* [TASK TO COMPLETE]: Return exactly, please, the line that contains "10月14日下午,best3" and every line after it through the end of the material that follows, leaving pictures aside.

╭─ THE RECORDS

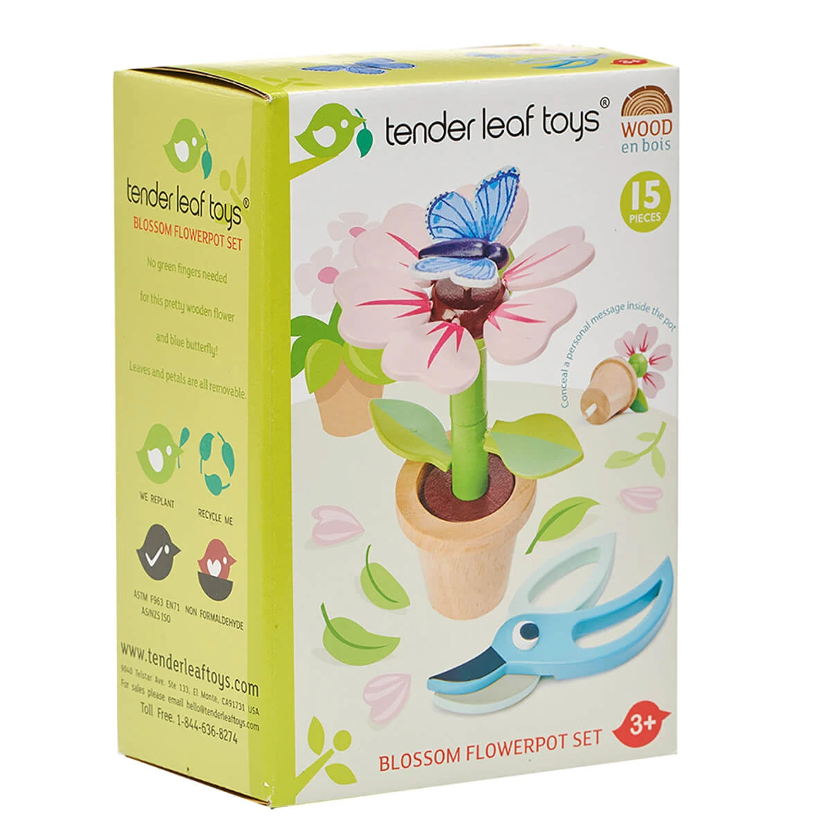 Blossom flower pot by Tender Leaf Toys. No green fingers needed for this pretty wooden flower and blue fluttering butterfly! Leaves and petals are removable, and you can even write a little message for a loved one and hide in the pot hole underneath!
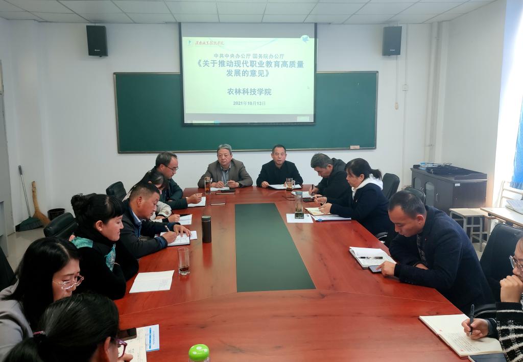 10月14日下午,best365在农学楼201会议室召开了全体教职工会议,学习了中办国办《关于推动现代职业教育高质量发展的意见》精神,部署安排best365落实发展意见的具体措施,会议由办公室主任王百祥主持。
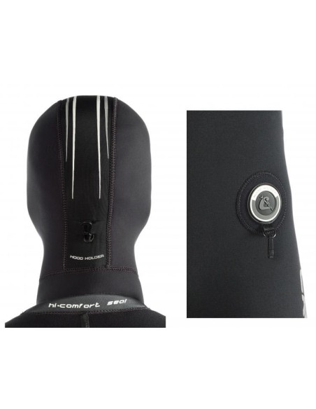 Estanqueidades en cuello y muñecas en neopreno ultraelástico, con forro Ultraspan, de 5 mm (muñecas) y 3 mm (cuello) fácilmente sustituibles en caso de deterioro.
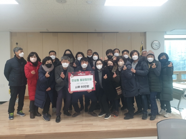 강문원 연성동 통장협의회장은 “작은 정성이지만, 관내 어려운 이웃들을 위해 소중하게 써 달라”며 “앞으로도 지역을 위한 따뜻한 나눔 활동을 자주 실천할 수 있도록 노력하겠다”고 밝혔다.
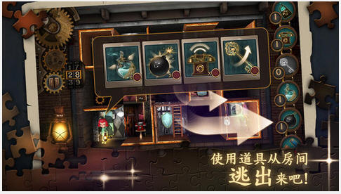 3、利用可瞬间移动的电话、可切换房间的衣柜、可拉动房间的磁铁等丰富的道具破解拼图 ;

╰─

* [FINISHED TASK]:
 10月14日下午,best365在农学楼201会议室召开了全体教职工会议,学习了中办国办《关于推动现代职业教育高质量发展的意见》精神,部署安排best365落实发展意见的具体措施,会议由办公室主任王百祥主持。
 Estanqueidades en cuello y muñecas en neopreno ultraelástico, con forro Ultraspan, de 5 mm (muñecas) y 3 mm (cuello) fácilmente sustituibles en caso de deterioro.
 강문원 연성동 통장협의회장은 “작은 정성이지만, 관내 어려운 이웃들을 위해 소중하게 써 달라”며 “앞으로도 지역을 위한 따뜻한 나눔 활동을 자주 실천할 수 있도록 노력하겠다”고 밝혔다.
 3、利用可瞬间移动的电话、可切换房间的衣柜、可拉动房间的磁铁等丰富的道具破解拼图 ;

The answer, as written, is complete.